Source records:
▼
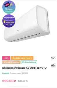 699 Azn Hann kondisioneri(2023 )modeli Yeni model 9000 btu (25-30 kv)450 AZN 12000 btu(40-45 kv)560 AZN 18000 btu(50-60 kv)750 AZN 24000 btu (70-90 kv)920 AZN 30000 btu (100-120 kv)1400 AZN Quraşdırilmasiz AUX sadə on/off AUX
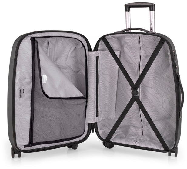 Корпус виконаний із легкого та водночас міцного матеріалу ABS - пластику, який має підвищену ударостійкість і пружність, що дуже важливо для валіз, які перевозяться в багажних відділеннях. Внутрішній простір розділений на два відділення перегородкою, яка має сітчасту кишеню на блискавці. Валіза обладнана розширювальним клапаном, який за необхідності дозволяє збільшити об'єм до 79 літрів.
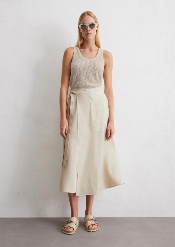 MARC O’POLO RÖCKE | DAMEN Wickelrock flared aus TENCEL Lyocell-Leinen-Mix Silky Stone
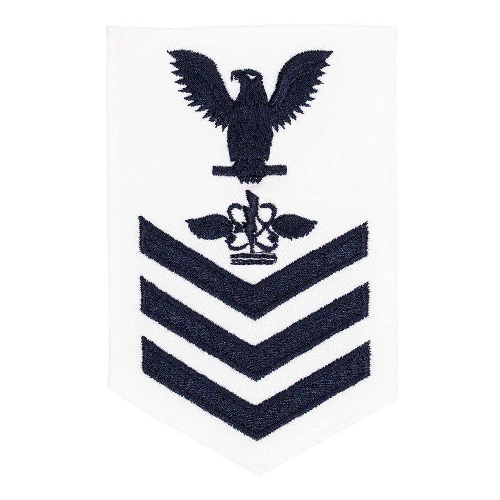 Navy E6 FEMALE Rating Badge: Aviation Warfare System Operator - white
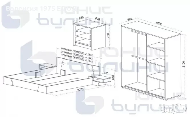 Спалня с нощни шкафчета за матрак 160/ 200 : 252/ 207,5/ Н81 см;
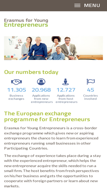 74%erasmus for young entrepreneurs is a business exchange programme, offering new entrepreneurs the possibility to work for up to 6 months with an experienced entrepreneur in his or her small or medium-sized business in another eu country. [ - europe]
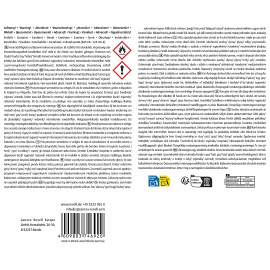 Návod na použití: Vodou ředitelná akrylová barva. Před použitím barvu dobře promíchejte. Nanášejte štětcem, nebo stříkáním na suchý, čistý povrch. Nehořlavá báze, rychle zasychá – nebarvitelné po 1 hodině, úplně uschne za 2–3 hodiny, podle tloušťky vrstvy. V případě potřeby zřeďte vodou. Použitím nevhodného ředidla se může barva zničit! Čistí se ředidlem Revell Aqua Color Clean. Na stříkání se doporučuje ředění maximálně 20 - 25 %. Štětec a pomůcky ihned po použití vypláchněte vodou. Nádobku po použití pevně uzavřete. Po otevření spotřebujte co nejdříve, barva přístupem vzduchu zasychá. Chraňte před mrazem. Obsahuje Směs látek 5-chlor-2methylisothiazol-3(2H)on a 2-methylizothiazol3(2H)-on s chloridem hořečnatým a dusičnanem hořečnatým. Může vyvolat alergickou reakci.
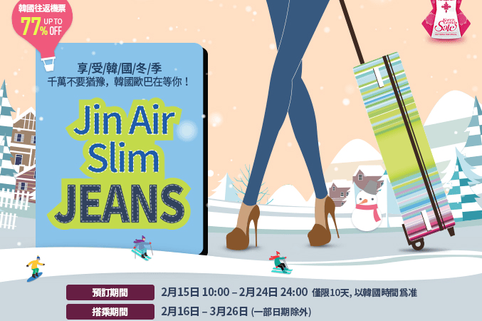 3月26日前出發!香港/澳門往返首爾只需$1,000起 – 真航空 Jin Air (優惠至2月24日)
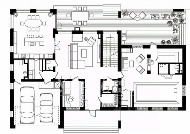 Цокольный этаж: винная комната, бильярдная, санузел, тренажерный зал, котельная, серверная;
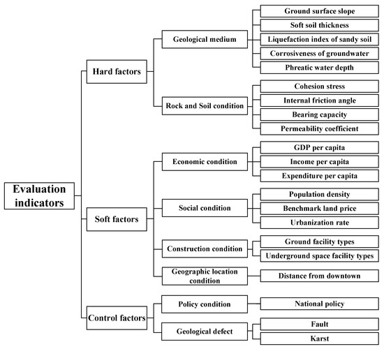 For analyzing the indicators utilized for UUSR evaluation, it needs to be considered from three aspects, including combining the extant indicators system for different objects; measuring the impact of urban geological types, the size of the evaluation scale, and the difficulty of data acquisition from the perspective of total factor evaluation; and integrating with the dynamic change characteristics of evaluation indicators. Following the principles of scientific nature, systemic nature, temporal nature, the nature of scale, and the nature of easy accessibility, evaluation indicators of UUSR comprehensive quality are determined, including hard factors, soft factors, and control factors, as seen in Figure 1. Among them, soft soil thickness, liquefaction index of sandy oil, and distance from downtown are negative indicators, and the others are positive indicators.
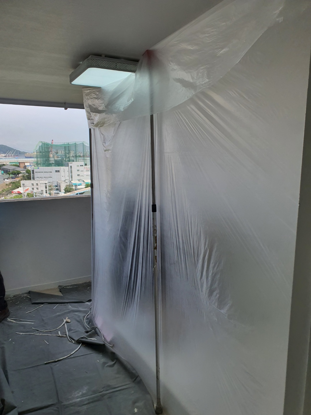 보양작업을 할때는 기둥을 세워 진행을 하게 되는데요. 과거엔 벽면에 테이핑 처리를 하기도 했지만 그렇게 보양을 진행했을경우 벽지손상과 바닥재 손상이 있을 수 있기때문에 시간이 소요되더라도 기둥식 보양작업을 진행하고 있습니다.
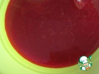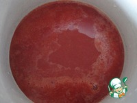 Готовим сироп для подачи лапши. Свежевыжатый сок клубники соединяем с сахаром доводим до кипения. |
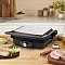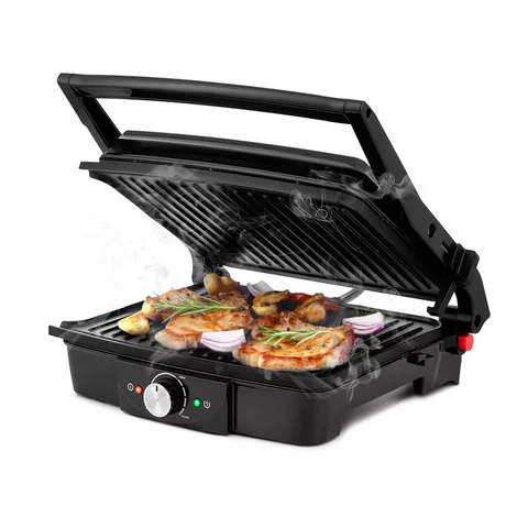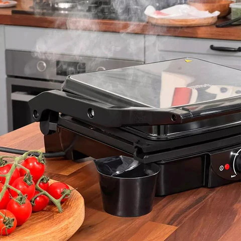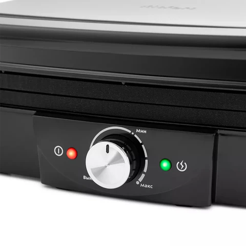 Управление простое и интуитивное: плавная регулировка температуры от 100–140°C до 180–220°C позволяет точно подобрать режим для каждого типа продуктов. Световые индикаторы показывают включение питания и активацию нагревательного элемента. Режим барбекю 180° позволяет откинуть крышку на всю ширину — гриль превращается в открытую жаровню, где можно одновременно готовить на двух поверхностях. Для этого предусмотрена специальная кнопка на корпусе.
▲
_Task_.
Without including any pictures, output each entry above exactly as it appears.

_Exercise response_.
 699 Azn Hann kondisioneri(2023 )modeli Yeni model 9000 btu (25-30 kv)450 AZN 12000 btu(40-45 kv)560 AZN 18000 btu(50-60 kv)750 AZN 24000 btu (70-90 kv)920 AZN 30000 btu (100-120 kv)1400 AZN Quraşdırilmasiz AUX sadə on/off AUX
 Корпус виконаний із легкого та водночас міцного матеріалу ABS - пластику, який має підвищену ударостійкість і пружність, що дуже важливо для валіз, які перевозяться в багажних відділеннях. Внутрішній простір розділений на два відділення перегородкою, яка має сітчасту кишеню на блискавці. Валіза обладнана розширювальним клапаном, який за необхідності дозволяє збільшити об'єм до 79 літрів.
 MARC O’POLO RÖCKE | DAMEN Wickelrock flared aus TENCEL Lyocell-Leinen-Mix Silky Stone
 Navy E6 FEMALE Rating Badge: Aviation Warfare System Operator - white
 Спалня с нощни шкафчета за матрак 160/ 200 : 252/ 207,5/ Н81 см;
 74%erasmus for young entrepreneurs is a business exchange programme, offering new entrepreneurs the possibility to work for up to 6 months with an experienced entrepreneur in his or her small or medium-sized business in another eu country. [ - europe]
 Návod na použití: Vodou ředitelná akrylová barva. Před použitím barvu dobře promíchejte. Nanášejte štětcem, nebo stříkáním na suchý, čistý povrch. Nehořlavá báze, rychle zasychá – nebarvitelné po 1 hodině, úplně uschne za 2–3 hodiny, podle tloušťky vrstvy. V případě potřeby zřeďte vodou. Použitím nevhodného ředidla se může barva zničit! Čistí se ředidlem Revell Aqua Color Clean. Na stříkání se doporučuje ředění maximálně 20 - 25 %. Štětec a pomůcky ihned po použití vypláchněte vodou. Nádobku po použití pevně uzavřete. Po otevření spotřebujte co nejdříve, barva přístupem vzduchu zasychá. Chraňte před mrazem. Obsahuje Směs látek 5-chlor-2methylisothiazol-3(2H)on a 2-methylizothiazol3(2H)-on s chloridem hořečnatým a dusičnanem hořečnatým. Může vyvolat alergickou reakci.
 3月26日前出發!香港/澳門往返首爾只需$1,000起 – 真航空 Jin Air (優惠至2月24日)
 Цокольный этаж: винная комната, бильярдная, санузел, тренажерный зал, котельная, серверная;
 For analyzing the indicators utilized for UUSR evaluation, it needs to be considered from three aspects, including combining the extant indicators system for different objects; measuring the impact of urban geological types, the size of the evaluation scale, and the difficulty of data acquisition from the perspective of total factor evaluation; and integrating with the dynamic change characteristics of evaluation indicators. Following the principles of scientific nature, systemic nature, temporal nature, the nature of scale, and the nature of easy accessibility, evaluation indicators of UUSR comprehensive quality are determined, including hard factors, soft factors, and control factors, as seen in Figure 1. Among them, soft soil thickness, liquefaction index of sandy oil, and distance from downtown are negative indicators, and the others are positive indicators.
 보양작업을 할때는 기둥을 세워 진행을 하게 되는데요. 과거엔 벽면에 테이핑 처리를 하기도 했지만 그렇게 보양을 진행했을경우 벽지손상과 바닥재 손상이 있을 수 있기때문에 시간이 소요되더라도 기둥식 보양작업을 진행하고 있습니다.
 Готовим сироп для подачи лапши. Свежевыжатый сок клубники соединяем с сахаром доводим до кипения. |
 Управление простое и интуитивное: плавная регулировка температуры от 100–140°C до 180–220°C позволяет точно подобрать режим для каждого типа продуктов. Световые индикаторы показывают включение питания и активацию нагревательного элемента. Режим барбекю 180° позволяет откинуть крышку на всю ширину — гриль превращается в открытую жаровню, где можно одновременно готовить на двух поверхностях. Для этого предусмотрена специальная кнопка на корпусе.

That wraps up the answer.